Childhood, abuse and more:  Viola Davis’ memoir receives rave reviews

Childhood, abuse and more: Viola Davis’ memoir receives rave reviews

Oscar-winning actress Viola Davis sat down with seasoned television host Oprah Winfrey to discuss her new memoir, Finding Me. In the memoir, the powerhouse actress discusses her humble beginnings in New York City, her mother’s abuse at the hands of her father and navigating the world as an actress.

As per Harper Collins, Viola Davis describes her book as “a deep reflection, a promise and a love letter of sorts to self”. “As I wrote Finding Me, my eyes were open to the truth of how our stories are often not given close examination,” says the How to Get Away with Murder actress.

“I wrote this for anyone running through life untethered, desperate and clawing their way through murky memories, trying to get to some form of self-love. For anyone who needs reminding that a life worth living can only be born from radical honesty and the courage to shed facades and be…you”.

The 56-year-old actress’ book is already on sale in South Africa.

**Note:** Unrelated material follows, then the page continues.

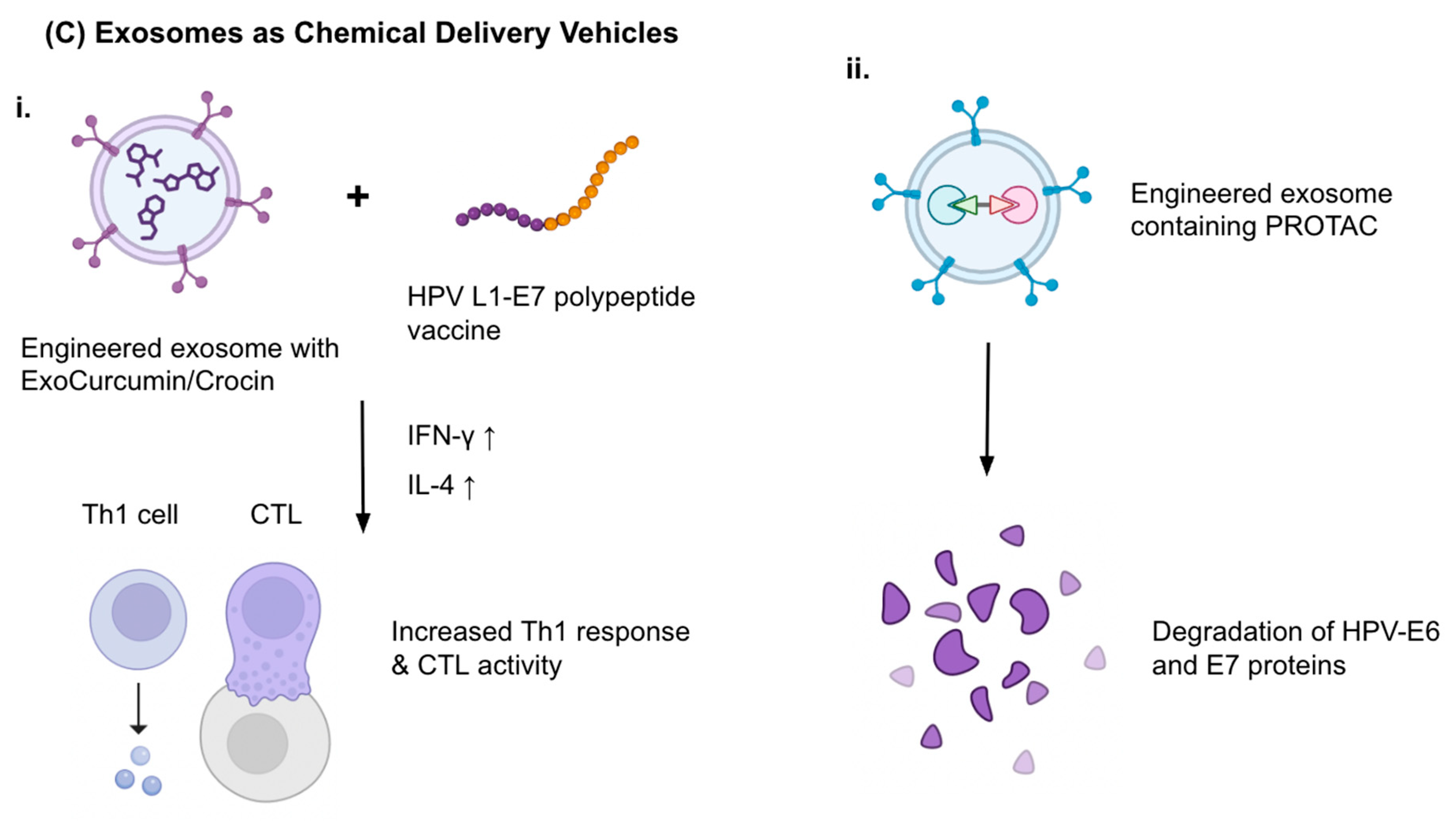 Exosomal PROTACs | E6/E7 degraders | Oncoprotein elimination | Theoretical model (HPV-related) | Targeted degradation | Mukherjee et al., 2024 [79] |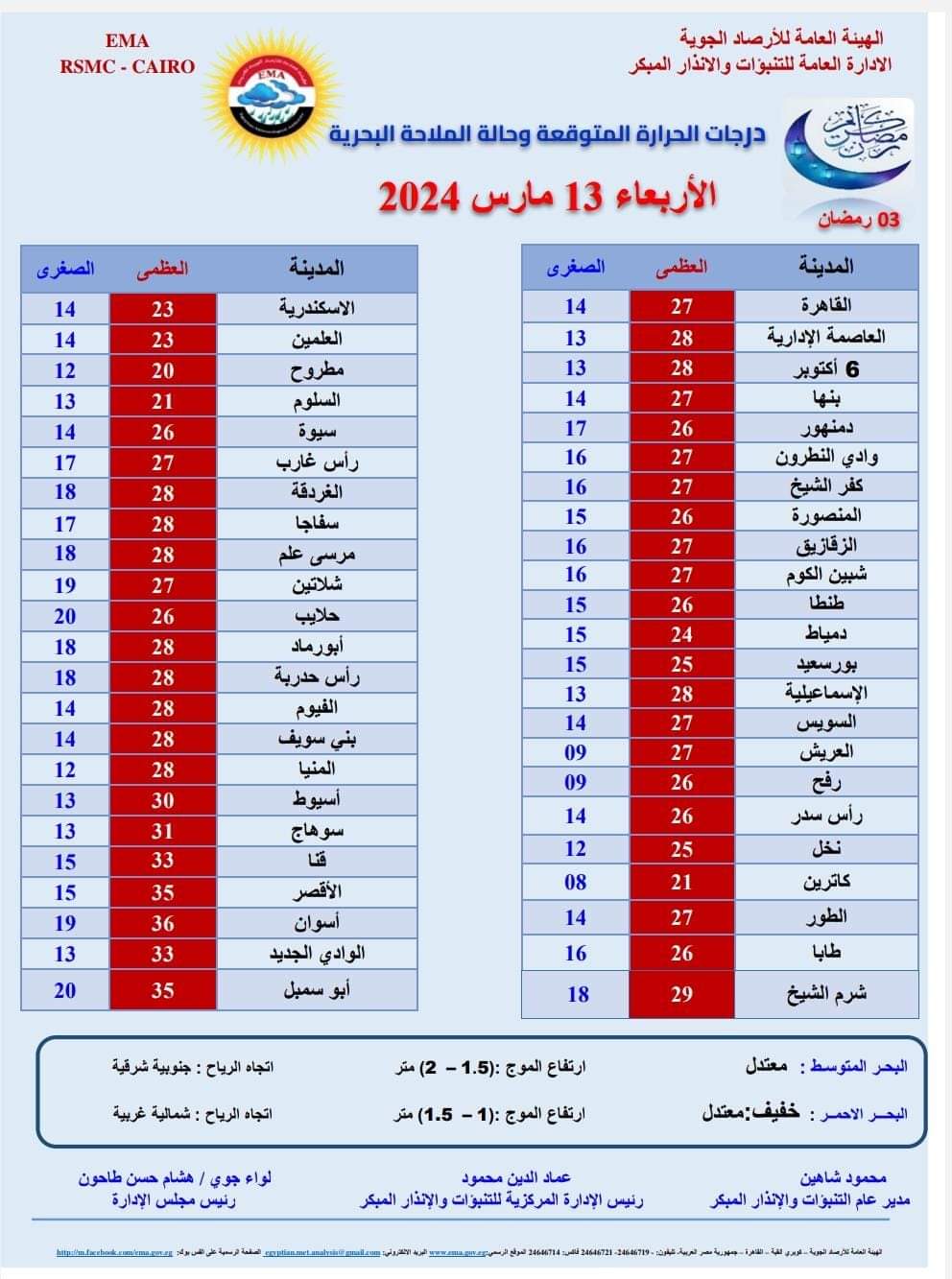 وتتوقع الأرصاد استمرار ارتفاع درجات الحرارة على كافة الانحاء، ويسود طقس حار نهارا على القاهرة الكبرى والوجه البحري والسواحل الشمالية الشرقية وجنوب سيناء وجنوب البلاد، مائل للحرارة على السواحل الشمالية الغربية، بارد ليلا وفي الصباح الباكر على مختلف الانحاء.

IN her memoir, Viola Davis also discusses how she met her husband, film and television producer, Julius Tennon. Speaking to Oprah in a new Netflix special, Davis recalled praying to God for the perfect man to come into her life. A few weeks later, she met Tennon. The couple has been married for 19 years.

“I got on my knees, I said I want a big black man, from the South who’s probably been married before, has kids, cause I don’t want any pressure in that department.”

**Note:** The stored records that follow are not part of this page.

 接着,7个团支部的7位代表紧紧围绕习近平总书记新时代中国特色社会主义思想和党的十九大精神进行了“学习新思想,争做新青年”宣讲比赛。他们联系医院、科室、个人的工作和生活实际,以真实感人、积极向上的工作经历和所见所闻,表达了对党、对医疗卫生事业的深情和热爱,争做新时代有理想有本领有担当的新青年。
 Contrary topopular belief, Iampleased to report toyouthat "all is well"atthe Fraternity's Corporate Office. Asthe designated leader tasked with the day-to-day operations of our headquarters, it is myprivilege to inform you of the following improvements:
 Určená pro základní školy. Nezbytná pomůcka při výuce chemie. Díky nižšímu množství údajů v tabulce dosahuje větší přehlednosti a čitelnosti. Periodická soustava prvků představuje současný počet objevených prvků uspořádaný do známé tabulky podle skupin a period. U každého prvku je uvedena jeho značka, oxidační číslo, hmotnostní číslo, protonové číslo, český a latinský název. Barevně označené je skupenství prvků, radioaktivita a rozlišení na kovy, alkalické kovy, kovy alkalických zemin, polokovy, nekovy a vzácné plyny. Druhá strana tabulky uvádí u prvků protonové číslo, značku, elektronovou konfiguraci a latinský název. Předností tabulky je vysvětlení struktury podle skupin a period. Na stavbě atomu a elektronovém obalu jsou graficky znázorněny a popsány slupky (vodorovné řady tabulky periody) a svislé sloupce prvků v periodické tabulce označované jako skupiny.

“Someone whose maybe been an actor or understands the artistic community, someone who goes to church and loves God.”

“Three and a half weeks later, I met Julius from Texas. Ex-football player, cause that’s one of the things I put on the list.”


Viola Davis’ Finding Me has received exceptional reviews from reviewers. USA Today refers to the heartfelt memoir as “an unvarnished chronicle of hard-won, well-earned success”.

The Chicago Sun Times writes: “David writes a blistering memoir, not a rueful remembrance told in the kind of polished prose that suggests, well, it wasn’t all that bad”.